Winners and losers on a Syria in ruins

Combatientes rebeldes en una mezquita en la provincia de Idlib, Siria - PHOTO/Reuters/Mahmoud Hassano
Rebel fighters at a mosque in Idlib province, Syria - PHOTO/Reuters/Mahmoud Hassano
With the hasty flight from Damascus of President Bashar Al-Assad, 54 years of a ruthless and bloodthirsty dictatorship have come to an end, 13 of them in a civil war that was no less terrible, and in which numerous neighbouring countries and foreign powers have contributed to such a rapid outcome

The collapse of the regime in barely ten days, from the lightning seizure of Aleppo to that of Damascus, via the conquests of Hama and Homs, almost without firing a shot, underlines the isolation in which the dictator-president had been confined

If there is a final winner of this civil war, the first and fundamental winner is undoubtedly the Syrian people themselves, who have endured the persecution, exactions, torture and all kinds of brutalities of the Assad regime for more than half a century. 

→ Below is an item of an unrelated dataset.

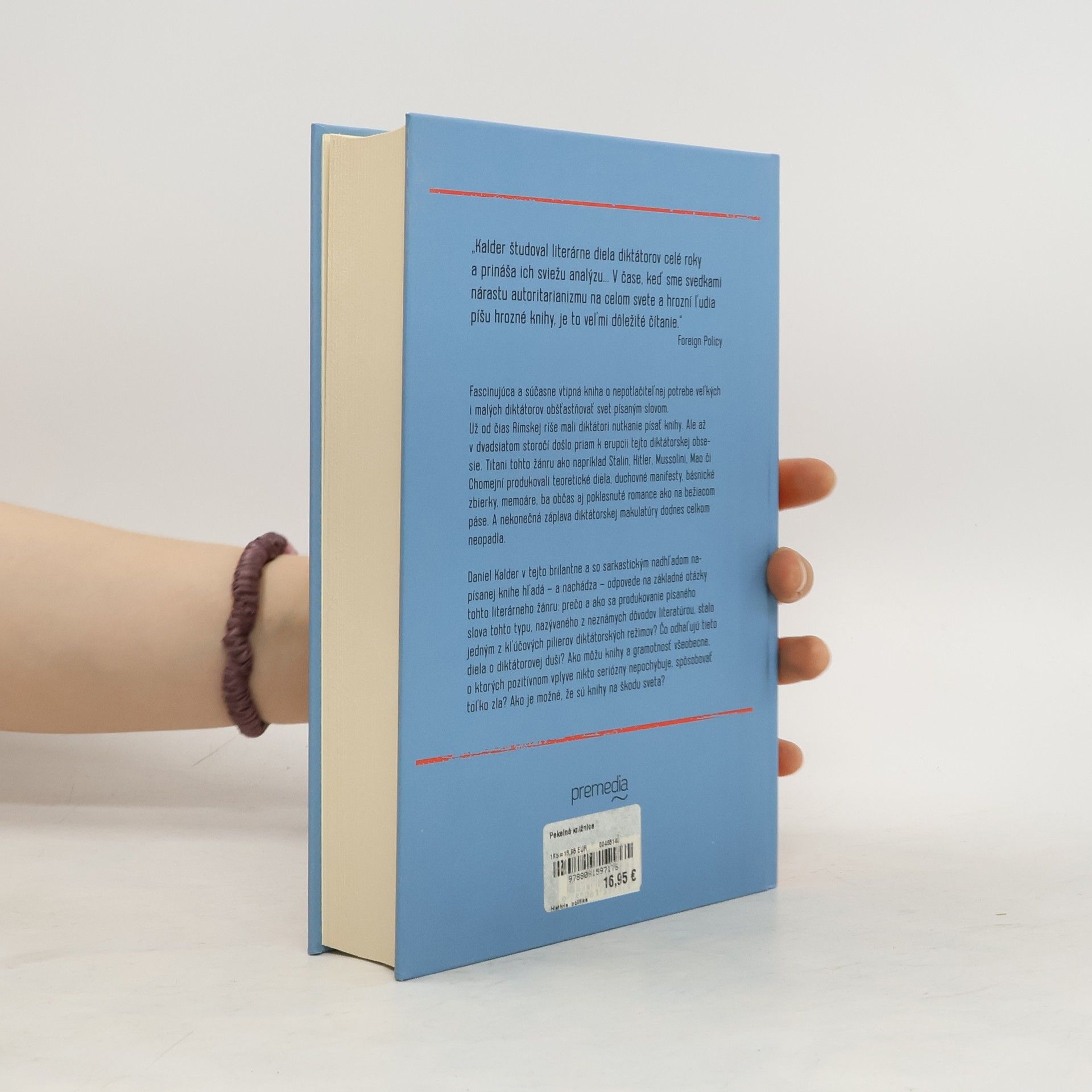 Fascinujúca a vtipná kniha skúma potrebu diktátorov obšťastňovať svet písaným slovom. Od čias Rímskej ríše mali diktátori nutkanie písať, ale až v dvadsiatom storočí sa táto obsesia rozšírila. Titani ako Stalin, Hitler, Mussolini, Mao či Chomejní produkovali teoretické dielo, duchovné manifesty, básne a dokonca aj romány. Tieto dielo, často považované za literatúru, sa stali kľúčovým pilierom diktátorských režimov. Daniel Kalder v knihe sarkasticky hľadá odpovede na otázky týkajúce sa tohto literárneho žánru: prečo a ako sa tieto písané slová stali súčasťou moci, čo odhaľujú o duši diktátorov a ako môžu knihy a gramotnosť, považované za pozitívne, spôsobovať zlo. Pekelná knižnica sa zameriava na dielo najkrvavejších diktátorov histórie, ktorí boli presvedčení o svojom historickom poslaní a spisovateľskej genialite. Tieto knihy sa predávali v miliónových nákladoch a čítali ich milióny ľudí, no väčšina z nich dnes predstavuje len dobovú kuriozitu bez literárnej hodnoty. Autor nás pozýva na fascinujúcu prechádzku týmto literárnym panoptikom.

And, of course, the Syrian exiles, who have also been relentlessly persecuted by the regime's secret services, both themselves and their relatives in Syria. 

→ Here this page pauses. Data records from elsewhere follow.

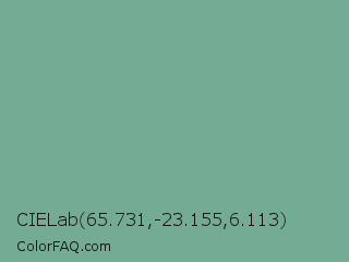 CIELab 65.731,-23.155,6.113 Color is a normal green color and the nearest color is Bay Leaf #7da98d. Hex code #74ab94 and RGB value is rgb(116,171,148). In RGB color space, this color is composed of 45% red, 67% green, 58% blue, In CMYK color space, this color is composed of 32% cyan, 0% magenta, 13% yellow , 33% black , In HSL color space, this color has a hue angle of 155° , 25% saturation and 56% lightness.
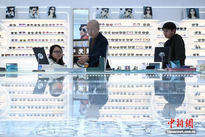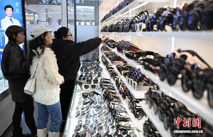 图为11月25日,华夏·杜桥眼镜乡内乱美不胜收的眼镜产物吸收采办者。中新社记者 王刚刚 摄
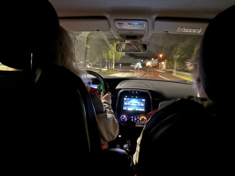 Det har blivit dags att köra en sväng till i området, och nattvandrarna intar sina platser i bilen. På vägen passerar de både skog och villor. Ibland går en äldre person på gatan med telefonen i örat, ibland står några ungdomar vid vägen och vinkar till nattvandrarna.

This self-liberating people is composed of one of the most diverse ethno-religious mosaics in the Middle East. 

The dominant faction of these liberators are the Islamists of Hayat Tahrir Al-Cham (HTS), the Levant Liberation Organisation, whose leader Abu Mohammad Al-Jolani has been listed as a ‘terrorist’ by the United States and the United Nations since he fought in Iraq against US troops and spent several stints in their prisons, including the dreaded Abu Graib. 

Al-Jolani, his nom de guerre, behind which hides his real name, Ahmed Hussein Al-Sarah, a breakaway from al-Qaeda, the organisation founded by Osama bin Laden, has not renounced the essence of what the former advocated, namely the creation of a caliphate governed by the Sharia, although he qualifies the ‘only national’ scope of his claim. 

How will the establishment of this new Islamic regime be reconciled with the rights of minorities, including the country's very small Christian community? For the time being, all is uncertain, at least until areas of influence are cleared and/or established. 

Although so far there is no evidence that it has been able to directly influence the end of the war, it seems undeniable that Israel has been a winner in this contest. 

Indeed, Prime Minister Benjamin Netanyahu was quick to hail the ‘historic day for the Middle East that signifies the collapse of tyranny in Damascus’, even taking credit for it ‘insofar as it is the direct result of [Israel's] forceful actions against Iran and Hezbollah, Al-Assad's main supporters’. 

Netanyahu immediately ordered his defence forces (IDF) to occupy the positions abandoned by the Syrian army in the Golan Heights, which have been held against the Israelis since the 1974 Separation of Forces Agreement in the so-called ‘buffer zone’ between the two countries. The Israeli leader used his statement to ‘reach out beyond our borders with Syria to Druze, Kurds, Christians and Muslims who want to live in peace with Israel’. But he warned that if they [such communities] do not want it, we will do whatever it takes to defend the state of Israel and its borders. 

The rebel Syrian National Army also claims a share in the victory, which is tantamount to attributing part of its success to Turkey as well, with President Recep Tayyip Erdogan having been its main supporter. His military actions throughout the war have been concentrated precisely along the Syrian-Turkish border, crowning his campaign with the capture of Tel Rifaat. 

And, finally, although US President-elect Donald Trump declared in Paris that ‘this is not our war and we are not going to get involved’, the truth is that the Pentagon has had in the Kurds of the Syrian Democratic Forces its main ally in the country. Both the Syrian Democratic Forces and the Southern Front have conquered important enclaves near Syria's border with Iraq, in Syria's largest oil-producing area, which gives the Kurdish minority hope of achieving a region of autonomous government well endowed with economic resources. 

For the same reasons, but in the opposite direction, Iran and its Lebanese-Syrian satellite Hezbollah, whose weakening in the fight against Israel has made them ultimately powerless to continue supporting Bashar al-Assad, are the losers in the Syrian dictatorship and civil war. 

The same is true of Russia, whose bombing of the rebels has ultimately proved ineffective in containing the offensive. It is true that President Vladimir Putin had already withdrawn soldiers and planes to transfer them to the war with Ukraine, which would also allow Volodymyr Zelesnki to claim his aliquot, albeit minimal and indirect, share in the outcome of the Syrian civil war.

For those who have long had the pleasure and good fortune to visit Syria, today they would find a country exanguinated, devastated and practically in ruins. There remains, therefore, a gigantic reconstruction effort to be made, which I am sure hundreds of thousands, if not millions, of Syrians who have fled persecution and massacres would gladly join in. It is therefore a good opportunity for Europe to make its voice heard and to sponsor and guarantee this work of appeasement and reconstruction.